Katz and Associates (David S. Klausner, White Plains, N.Y. [Stephen Slater ], of counsel), for appellants.
Subin Associates, LLP, New York, N.Y. (Robert J. Eisen of counsel), for respondent.
L. PRISCILLA HALL, J.P., JEFFREY A. COHEN, HECTOR D. LaSALLE, and FRANCESCA E. CONNOLLY, JJ.
In an action to recover damages for personal injuries, the defendants appeal, as limited by their brief, from so much of an order of the Supreme Court, Kings County (Sherman, J.), dated September 8, 2015, as denied that branch of their motion which was, in effect, for leave to renew their prior motion pursuant to CPLR 510(1) and 511 to change the venue of the action from Kings County to Rockland County, which had been denied in an order of the same court (Graham, J.), dated September 12, 2013.

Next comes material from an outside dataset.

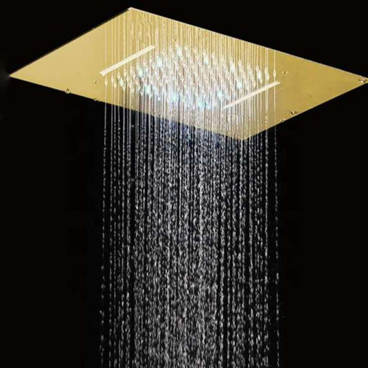 FontanaShowers Creative Luxury Gold Recessed Ceiling Mounted Color Changing Water Powered LED Shower System With Adjustable 6-Jet Body Sprays and Hand Shower

ORDERED that the order dated September 8, 2015, is affirmed insofar as appealed from, with costs.
In December 2012, the plaintiff, an infant, by her father and natural guardian, commenced this action in the Supreme Court, Kings County, against the defendants to recover damages for personal injuries. Kings County was selected as the venue for this action based on the plaintiff's residence. The defendants moved pursuant to CPLR 510(1) and 511 to change the venue of the action from Kings County to Rockland County. The Supreme Court denied the defendants' motion in an order dated September 12, 2013.
In April 2015, the defendants moved, inter alia, in effect, for leave to renew their prior motion pursuant to CPLR 510(1) and 511 to change the venue of the action from Kings County to Rockland County. The defendants submitted new evidence suggesting that the Kings County address previously provided by the plaintiff was being operated, at least in part, as a synagogue. The Supreme Court, among other things, denied that branch of the motion, and the defendants appeal.
A motion for leave to renew “shall be based upon new facts not offered on the prior motion that would change the prior determination” (CPLR 2221[e] [2] ), and “shall contain reasonable justification for the failure to present such facts on the prior motion” (CPLR 2221[e][3] ). “A motion for leave to renew is not a second chance freely given to parties who have not exercised due diligence in making their first factual presentation” (Elder v. Elder, 21 A.D.3d 1055, 1055, 802 N.Y.S.2d 457 ; see Renna v. Gullo, 19 A.D.3d 472, 473, 797 N.Y.S.2d 115 ). Here, the defendants failed to provide a reasonable justification for their failure to present the new evidence on the original motion (see Ayala v. Gonzalez, 129 A.D.3d 874, 10 N.Y.S.3d 452 ; Mount Sinai Hosp. v. Dust Tr., Inc., 104 A.D.3d 823, 824–825, 962 N.Y.S.2d 307 ) and, in any event, the newly submitted evidence would not have changed the prior determination since it failed to demonstrate that the plaintiff did not maintain a residence in Kings County at the time the action was commenced (see CPLR 2221[e] ; Chehab v. Roitman, 120 A.D.3d 736, 992 N.Y.S.2d 74 ).
The defendants' remaining contention is without merit.
Accordingly, the Supreme Court properly denied that branch of the defendants' motion which was, in effect, for leave to renew their prior motion pursuant to CPLR 510(1) and 511 to change the venue of the action from Kings County to Rockland County.